I have been getting for over a week massive traffic from bots spread along multiple IP groups which are difficult to ban via CSF and at times slowing down significantly the forum. For example I would get 2000+ concurrent where normal visitors are about 100. Any advice on that would be appreciated.
Block in htaccess by bot type
If it helps, feel free to borrow from my robots.txt & .htaccess.
Since I change them regularly, I now keep them up on GitHub here:
https://github.com/sbulen/SMF-bot-hygiene
They may not suit your needs; consider it a starter pack.
Yes, things have gotten pretty bad with the bots... It's the wild wild west out there...
That great shawn
I ended up blocking all of China and Russia yesterday on a hardware firewall was just too much...
Also, note you can find lists with apache/other webserver configs to block on a country level at https://www.ip2location.com/free/visitor-blocker
I was getting smothered by activity from some US and European networks; I am assuming these are ISPs used by unscrupulous corporate entities trying to hide their identities. I.e., plagiarism engines (some call them AI bots)...
I ran a quick script to check, & confirmed none of my users were in their IP ranges.
Once I confirmed that, I basically cut off LOTs of IP ranges for FastPlanet, TrafficTransit, Fine Group & a couple others.
I didn't want to cut off Russia, because frankly, I have a fair amount of actual Russian members in my forum.
China is odd... A lot of the funky Alibaba/Huawei activity actually reports out as HK, not China. I've blocked a lot of HK IPs.
OTOH, I have about 3 or 4 valid users who participate in forum discussions with actual Chinese IP addresses, not HK...
Thank you all guys. I switched to directadmin with nginx_apache server so some things are not as simple as editing .htaccess anymore
@shawnb61 methinks googlebot does not accept Crawl-delay (https://support.google.com/webmasters/thread/251817470/putting-crawl-delay-in-robots-txt-file-is-good?hl=en) and the Crawl Rate Limiter Tool in Search Console has been depreciated (https://developers.google.com/search/blog/2023/11/sc-crawl-limiter-byebye?utm_source=wmx&utm_medium=deprecation-pane&utm_content=settings).
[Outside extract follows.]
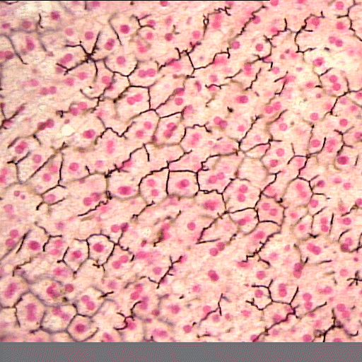 (EN) : Cross section of a rabbit liver (Golgi Silver Reticular Stain, x40, Slide RCB-29 K19.2b): Bile canaliculi (also called bile capillaries) are shown.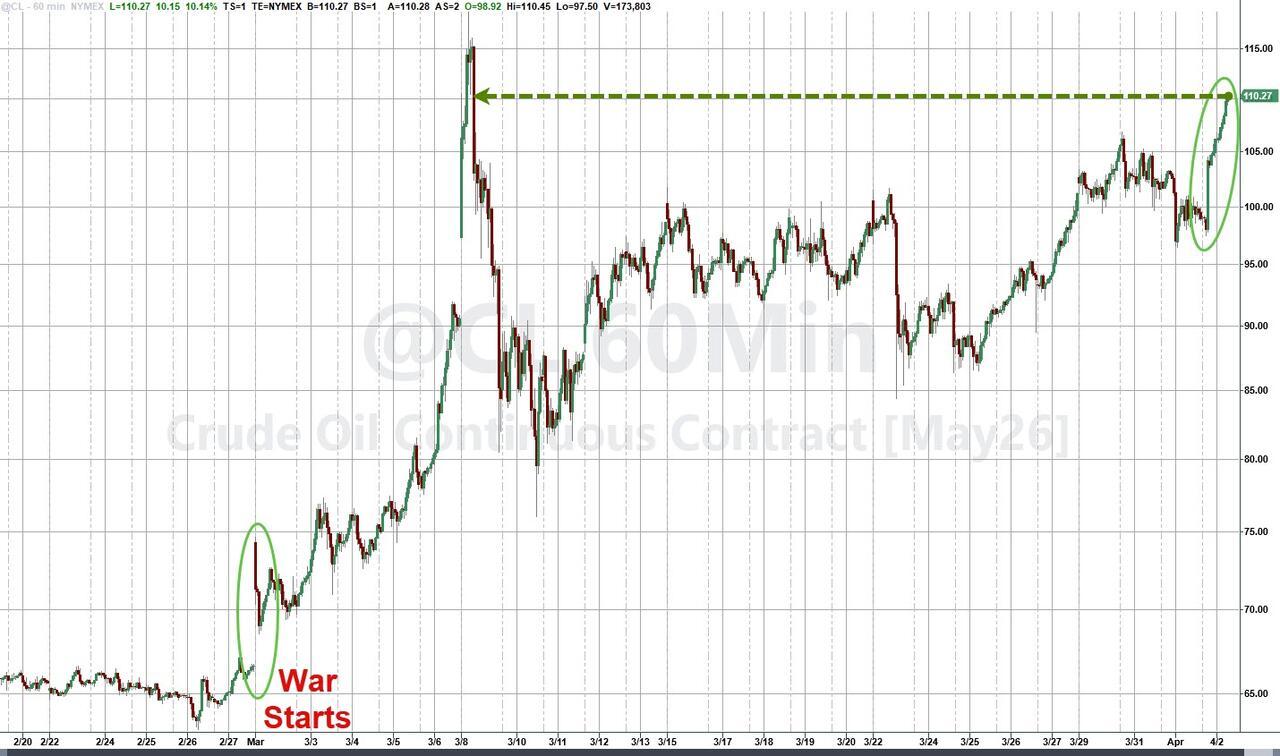 The result of all this was to send oil prices back near the highs since war started...

Quote from: spiros on February 13, 2025, 01:31:44 PM@shawnb61 methinks googlebot does not accept Crawl-delay (https://support.google.com/webmasters/thread/251817470/putting-crawl-delay-in-robots-txt-file-is-good?hl=en) and the Crawl Rate Limiter Tool in Search Console has been depreciated (https://developers.google.com/search/blog/2023/11/sc-crawl-limiter-byebye?utm_source=wmx&utm_medium=deprecation-pane&utm_content=settings).
Yep: https://www.simplemachines.org/community/index.php?topic=590038.0
I do see that they honor the disallows though. I've been checking what they're linking to, and altering robots.txt accordingly.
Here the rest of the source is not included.